Assignment | From the listing that follows, reproduce only the lines from the one holding "h后進行硫化,硫化條件為165℃×20 min。硫化膠在室溫下停放12 h以上測試物理性能。" through the one holding "This Char-Griller Wrangler", both included, with no pictures.

Dataset |

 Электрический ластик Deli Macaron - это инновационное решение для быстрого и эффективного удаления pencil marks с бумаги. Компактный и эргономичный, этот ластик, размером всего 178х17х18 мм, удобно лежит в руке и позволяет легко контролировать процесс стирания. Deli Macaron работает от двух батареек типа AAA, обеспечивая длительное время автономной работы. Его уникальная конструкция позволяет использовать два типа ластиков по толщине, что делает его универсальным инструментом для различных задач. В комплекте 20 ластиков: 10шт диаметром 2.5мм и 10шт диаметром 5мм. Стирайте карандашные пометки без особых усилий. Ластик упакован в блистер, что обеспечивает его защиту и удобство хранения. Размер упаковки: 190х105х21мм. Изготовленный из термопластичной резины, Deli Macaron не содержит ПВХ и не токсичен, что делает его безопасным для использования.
--
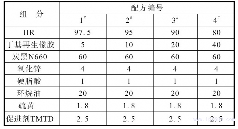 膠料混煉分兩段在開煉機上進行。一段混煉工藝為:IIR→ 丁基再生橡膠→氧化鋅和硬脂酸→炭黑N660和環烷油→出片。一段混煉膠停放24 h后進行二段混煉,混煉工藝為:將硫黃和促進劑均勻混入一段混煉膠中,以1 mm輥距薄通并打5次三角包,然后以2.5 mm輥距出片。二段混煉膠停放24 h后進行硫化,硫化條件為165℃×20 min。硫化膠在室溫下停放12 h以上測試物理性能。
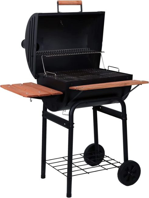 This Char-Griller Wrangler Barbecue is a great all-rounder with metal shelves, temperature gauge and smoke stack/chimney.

Solution to the exercise |
 膠料混煉分兩段在開煉機上進行。一段混煉工藝為:IIR→ 丁基再生橡膠→氧化鋅和硬脂酸→炭黑N660和環烷油→出片。一段混煉膠停放24 h后進行二段混煉,混煉工藝為:將硫黃和促進劑均勻混入一段混煉膠中,以1 mm輥距薄通并打5次三角包,然后以2.5 mm輥距出片。二段混煉膠停放24 h后進行硫化,硫化條件為165℃×20 min。硫化膠在室溫下停放12 h以上測試物理性能。
 This Char-Griller Wrangler Barbecue is a great all-rounder with metal shelves, temperature gauge and smoke stack/chimney.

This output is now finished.